Although most local adaptation studies are based on comparing a few populations with multiple genotypes per population, a novel approach has been to collect single clones from as many populations as possible, instead of collecting multiple genotypes from each of a few populations. This method allows us to map phenotypes on geographic maps to investigate the influence of geography and climatic conditions (see Fig. 6 for an example how the length of the spina maps across Europe). It assumes, however, that a single genotype is representative of the entire population. The Daphnia magna Diversity Panel is a standing collection of hundreds of genotypes, each from a different population used for such studies. Indeed, the strong signal of local adaptation observed across these single genotypes suggests that single genotypes are—at least to some degree—representative of entire populations [6, 33, 39].

Fig. 6.

Fig. 6

Example for geographic variation in a phenotypic trait: spina length at maturity across populations of D. magna (indicated as black dots). Phenotypes were generated in a common garden experiment and superimposed on a map according to the site of origin of the Daphnia clone. Scale on the right is in mm. On the right are examples of D. magna with short and long spina (red arrows). All genotypes are part of the Daphnia magna diversity panel a standing collection of hundreds of genotypes each from a different population

Temporal adaptation and resurrection ecology

The long-lasting resting stages of Daphnia provide an even more compelling demonstration of the high evolutionary potential of these populations. While the majority of resting stages usually hatch during favourable conditions for the planktonic phase, some eggs may remain unhatched, though viable. With time, sediment buries these eggs, archiving them in layered sediments of the past. The field of resurrection ecology avails itself of this archive by collecting sediment cores, slicing them into layers and hatching the embryos from resting stages from the different layers [40, 41]. Information about the age of these layers may be obtained using radio isotope analysis. The resurrected Daphnia can then be tested in common garden experiments in response to different environmental variables, preferably those for which a record of past dynamics in the waterbody is present.

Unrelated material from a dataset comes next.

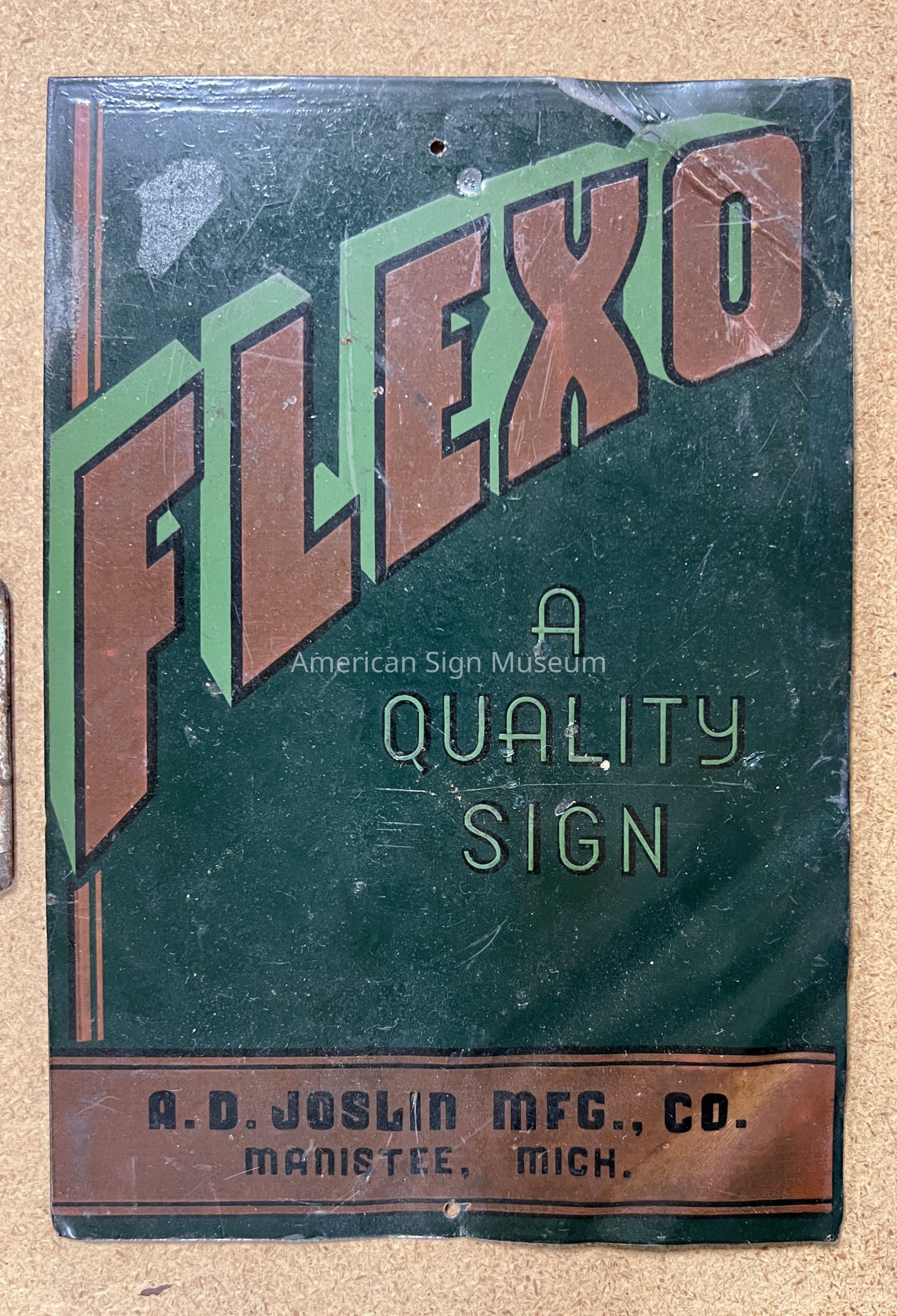 "Flexo - A Quality Sign" screen-printed sign tag has local dealer name: "A.D. Joslin Mfg., Co. - Manistee, Mich."Collection

These studies have revealed the rapid adaptive evolution of different Daphnia species to diverse environmental factors, such as density of predatory fish [42], heavy metal pollution [40], increased density of toxic cyanobacteria [43], and temporal dynamics in eutrophication [20]. One study resurrected, along with D. magna, the bacterial parasite Pasteuria ramosa, testing and confirming the idea that, over time, hosts and parasites coevolve [44]. Once they are combined with genomic methods, resurrection studies will be able to help us understand genetic targets of selection [45], e.g., by pool-sequencing of embryos from resting stages from different layers and studying the change of alleles (SNP-variants) over time.

Host–parasite interaction

In their natural habitat, Daphnia are often infected at high prevalence with various parasites including viruses, bacteria, microsporidia, fungi, nematodes, cestodes and others (Fig. 7) [46, 47]. Many of these parasites can be co-cultured with their hosts, opening the door for experiments that examine host–parasite interactions on the individual and population levels. Compared to many other host–parasite systems, the Daphnia–microparasite system offers a level of experimental control that is unsurpassed, enabling us to test basic models of parasite ecology and evolution, such as the mass action principle [48], evolution of virulence [49], host and parasite evolution and coevolution [50, 51], the effects of ageing in host–parasite interactions [52, 53], infections with multiple parasites [54, 55] and parasitism in the face of predation [56] and other stressors [57]. An advantage of the Daphnia system that comes handy with regard to parasitism is the transparency of the host. Many infections can be diagnosed from outside, without killing the host (Fig. 7). Metchnikov’s [16] observation of phagocytosis was possible in vivo, by studying the fate of individual parasite cells in the living host.

Fig. 7.

Fig. 7

Examples of frequently studied parasites of Daphnia. a–d Bacterium Pasteuria ramosa colonizes the body cavity of the host. a Infected (right) and uninfected (left) D. magna. b Transmission stages (= spores) of P. ramosa. c, d Attachment of green fluorescent labelled P. ramosa spores to the oesophagus (c) and hindgut (d) of the host. Attachment of spores is required for the subsequent infection of the host [72, 131]. e Upper midgut of D. magna with spore clusters of the microsporidium Ordospora colligata in the appendices (upper right corner). The parasite colonized the gut epithelium of the host. f Spores of O. colligata. g D. magna infected with the microsporidian Hamiltosporidium tvaerminnensis. The parasite colonized the ovaries and fat body of the host. h Spores of H. tvaerminnensis. i Head of D. magna infected with Metschnikowia bicuspidata. The needles-like spores are visible through the transparent cuticle. j Spores of M. bicuspidata. k Daphnia pulex infected with the Daphnia Iridovirus (DIV-1), the causative agent of White Fat Cell Disease [68]. l Two DIV-1 particles. Picture taken by Jason Andras (a), David Duneau (c), Benjamin Hüssy (d), Patrick Mucklow (g) and Elena Toenshoff (l). All other pictures by Dieter Ebert

The ability to use entire populations, furthermore, enables us to tackle questions that require replication on the population level, such as studies in experimental evolution [58] and epidemiology [59, 60]. Finally, the ease with which it is possible to study parasitism in natural populations allows us to compare data from natural population with data from laboratory experiments [51, 61] to understand the life cycles, epidemiology and evolution of several natural parasites of Daphnia [61].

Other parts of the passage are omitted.